DNA sequence specificity of MeCP2 binding in adult mouse brain
To test whether the DNA binding specificities established in vitro and in transfected cells also apply in native tissues, we analyzed MeCP2 ChIP-seq and whole genome bisulfite (WGBS) datasets derived from adult mouse brain (references [3,26,27] and WGBS from sorted neurons and hypothalamus [this study]). CG is under-represented in the mouse genome (~4% of CX), but highly methylated (~80%), whereas CA is the most abundant CX di-nucleotide (36% of CX), but even in brain only a small fraction of CA is methylated (<2%) (Fig 3A–3C). Bisulfite analysis of neurons sorted by NeuN staining as described in reference  confirmed previous reports that CAC is the most methylated tri-nucleotide [2,8], being ~12% methylated (Fig 3C). The finding that the MeCP2 tri-nucleotide binding specificity matches the most abundantly methylated non-CG sequence in brain encourages the view that this interaction is biologically relevant.

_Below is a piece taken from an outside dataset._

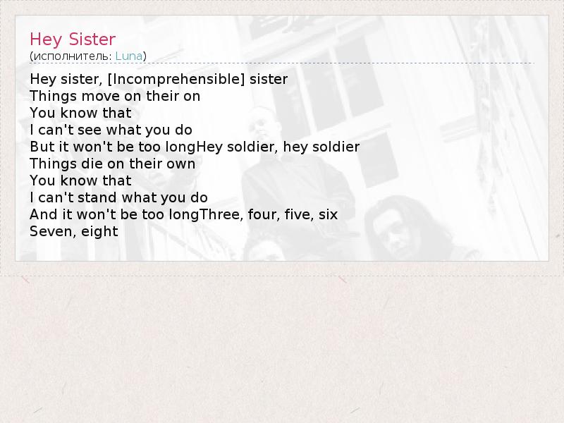 Hey sister, [Incomprehensible] sister Things move on their on You know that I can't see what you do But it won't be too longHey soldier, hey soldier Things die on their own You know that I can't stand what you do And it won't be too longThree, four, five, six Seven, eight

(A) Pie chart showing CX frequencies in the mouse genome (dataset WGBS of sorted neurons from this study). (B) Pie chart showing modified (mC and hmC) CX frequencies in brain neuronal nuclei as determined by WGBS (dataset WGBS of sorted neurons from this study). (C) Mean methylation levels (%) of CXX in brain neuronal nuclei based on WGBS of sorted neurons (dataset from this study). (D) IGV browser screenshot of mCAC, mCG, MeCP2 ChIP-seq and corresponding Input DNA based on sequence reads. Data represent a 100 Mb region of chromosome 6 (datasets from [3,27]). (E) Correlation between sequence coverage of MeCP2 ChIP-seq and corresponding Input DNA in 10 kb windows. Fitting a linear model (MeCP2 ~ Input) yields a coefficient of determination of 0.84 (dataset from ). (F) As for (E) but highlighting relative depletion (4.1% of windows; green) and relative enrichment (1.7% of windows; purple). When these outliers are excluded, 90% of the variability of the MeCP2 signal in the remaining binned windows is explained by sequence bias (Input coverage) (dataset from ). (G-H) Enrichment of mCAC at summits of MeCP2 binding using ChIP-seq and WGBS datasets from matching brain regions ([3,26] (G) and  and this study (H)).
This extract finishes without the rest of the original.